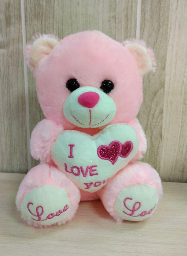 Мишка розовый с белым сердечком 20 см.
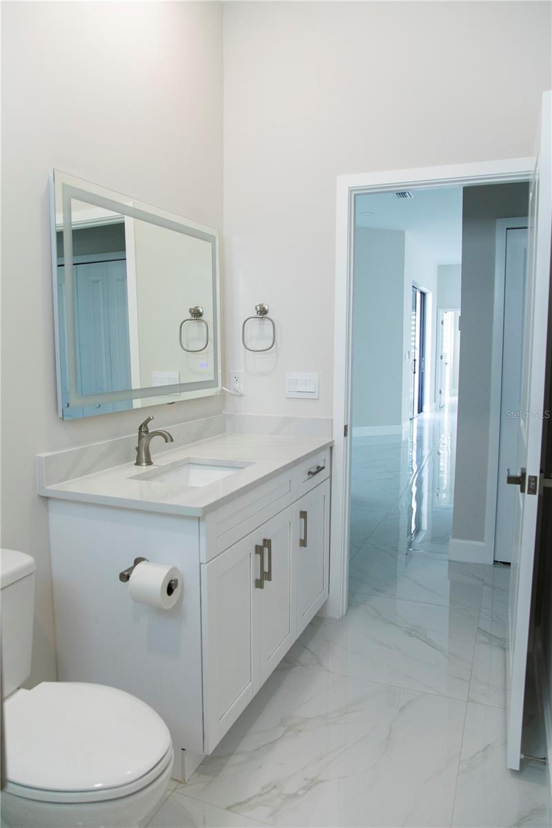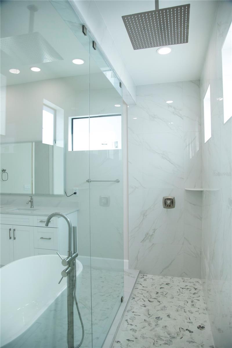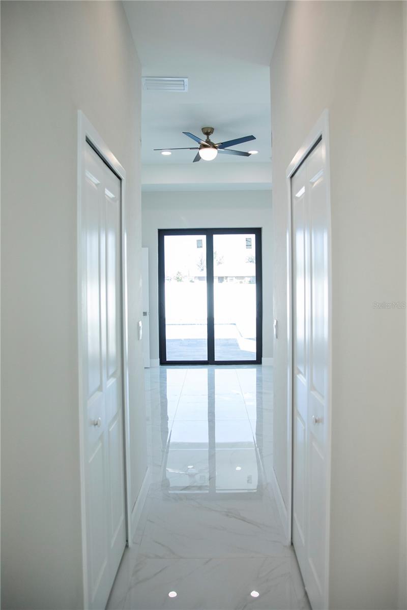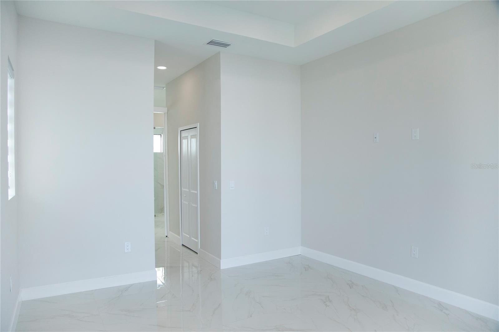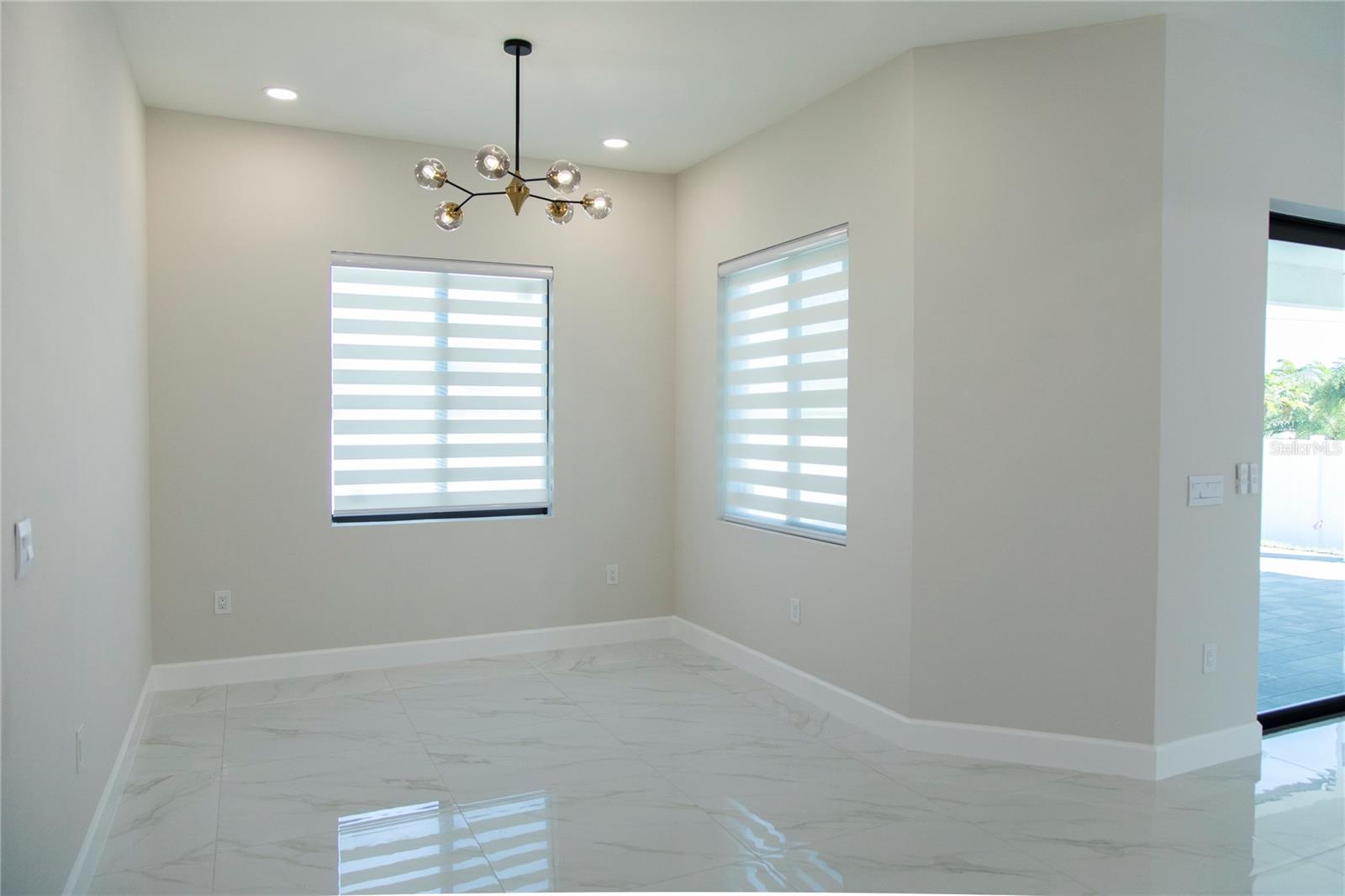 Stunning new construction pool home located in a quiet neighborhood close to all amenities. This fabulous home features 3 bed + den/office, 2 bath, 3 car garage, an in ground 14 x 28 upgraded pool with natural stone travertine coping, interior tile, tanning ledge with bubbler, and a fenced yard. Enter the house through double entrance doors into the large and bright living area with 96” tall sliding doors to the lanai. This home features hurricane impact doors and windows and extra tall ceilings that complement all extended 96” exterior doors and 32”X32” porcelain tile throughout the house. Kitchen features premium cabinets with solid wood doors, a large island with room for seating, upgraded stainless steel appliances with a built in cooktop, and premium quartz counter tops. A separate dining area overlooks the gorgeous pool. Upgraded fixtures, ceiling fans and lighting throughout this home. Primary suite has two walk in closets with custom organizers, dual sinks, large glass enclosed shower, oversized freestanding tub, and sliding doors out to the lanai. The two additional bedrooms have custom closet organizers and window treatments. Garage has two garage door openers. Exterior has decorative stucco finish, extended paver driveway, High efficiency premium Ruud HVAC system, and a sprinkler system.
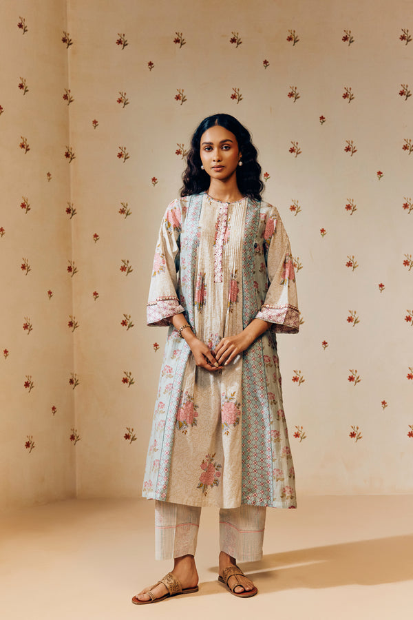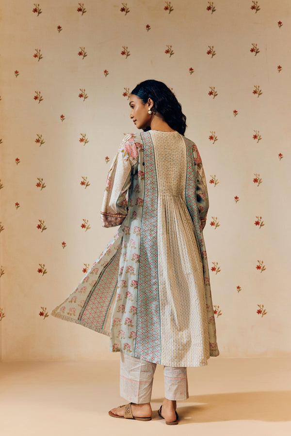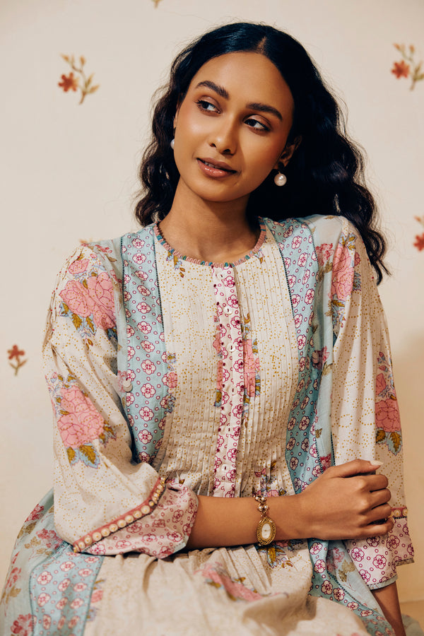 - Enhanced with multi-paneled inserts in mulberry silk and block printed Chanderi

Task brief: The listing above must be retyped word for word, without the pictures.

Answer to the problem:
 Мишка розовый с белым сердечком 20 см.
 Stunning new construction pool home located in a quiet neighborhood close to all amenities. This fabulous home features 3 bed + den/office, 2 bath, 3 car garage, an in ground 14 x 28 upgraded pool with natural stone travertine coping, interior tile, tanning ledge with bubbler, and a fenced yard. Enter the house through double entrance doors into the large and bright living area with 96” tall sliding doors to the lanai. This home features hurricane impact doors and windows and extra tall ceilings that complement all extended 96” exterior doors and 32”X32” porcelain tile throughout the house. Kitchen features premium cabinets with solid wood doors, a large island with room for seating, upgraded stainless steel appliances with a built in cooktop, and premium quartz counter tops. A separate dining area overlooks the gorgeous pool. Upgraded fixtures, ceiling fans and lighting throughout this home. Primary suite has two walk in closets with custom organizers, dual sinks, large glass enclosed shower, oversized freestanding tub, and sliding doors out to the lanai. The two additional bedrooms have custom closet organizers and window treatments. Garage has two garage door openers. Exterior has decorative stucco finish, extended paver driveway, High efficiency premium Ruud HVAC system, and a sprinkler system.
 - Enhanced with multi-paneled inserts in mulberry silk and block printed Chanderi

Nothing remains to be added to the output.